Cataloochee Valley is nestled among some of the most rugged mountains in the southeastern United States. Surrounded by 6000-foot peaks, this isolated valley was one of the largest and most prosperous settlements in what is now the Great Smoky Mountains National Park. Some 1,200 people lived in this lovely mountain valley in 1910. Most made their living by farming, including commercial apple growing, but an early tourism industry developed in Cataloochee with some families boarding fishermen and other tourists who wished to vacation in the mountains. A variety of historic buildings have been preserved in the valley, including two churches, a school, and several homes and outbuildings. This is considered the Cades Cove of North Carolina.

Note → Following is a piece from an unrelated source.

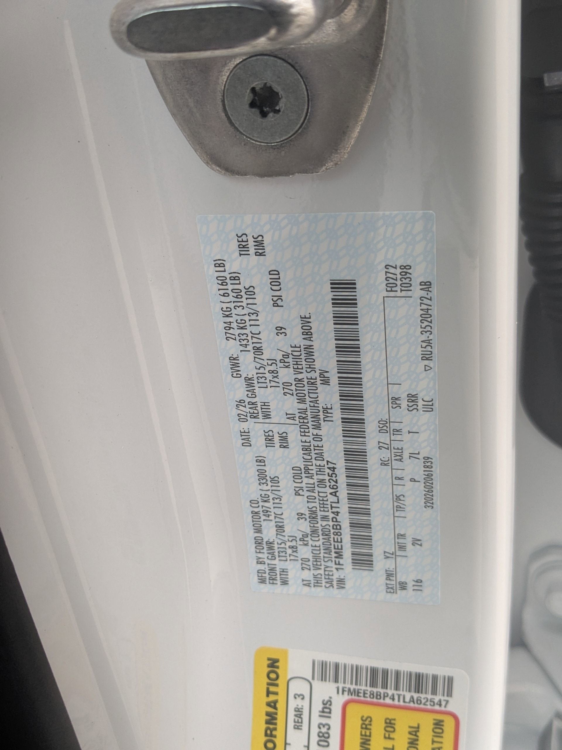 - Gross Axle Wt Rating - Front (lbs): 3270

In 2001, elk were released in Cataloochee Valley as part of an experimental program to reintroduce elk to the park. The herd can be seen regularly in the fields of the valley, especially in the early morning and evening hours. This was our major objective, and we were not to be disappointed. Just as we were leaving the car at the Cataloochee Valley parking area, it began to sprinkle, and then turned into a light rain. We managed to see one building before elk began pouring out of the woods in a far corner of the field; of course, I had the wrong lens, so it was back to the car for alternate camera/lens, tripod, and raincoat. We managed to make several photographs before the elk became close, causing us to retreat back to the parking area. And then, the elk crossed the road, and moved through the woods into a large field. There, we were able to set up the tripod and camera/lens, and make photos from a distance. Buffalo gnats were swarming and left a bunch of whelps on Kay’s legs.




After such an excellent adventure, we returned to the motorhome via the same road that took us the Valley, stopping to make photos of the beautiful, post rain mountain landscape.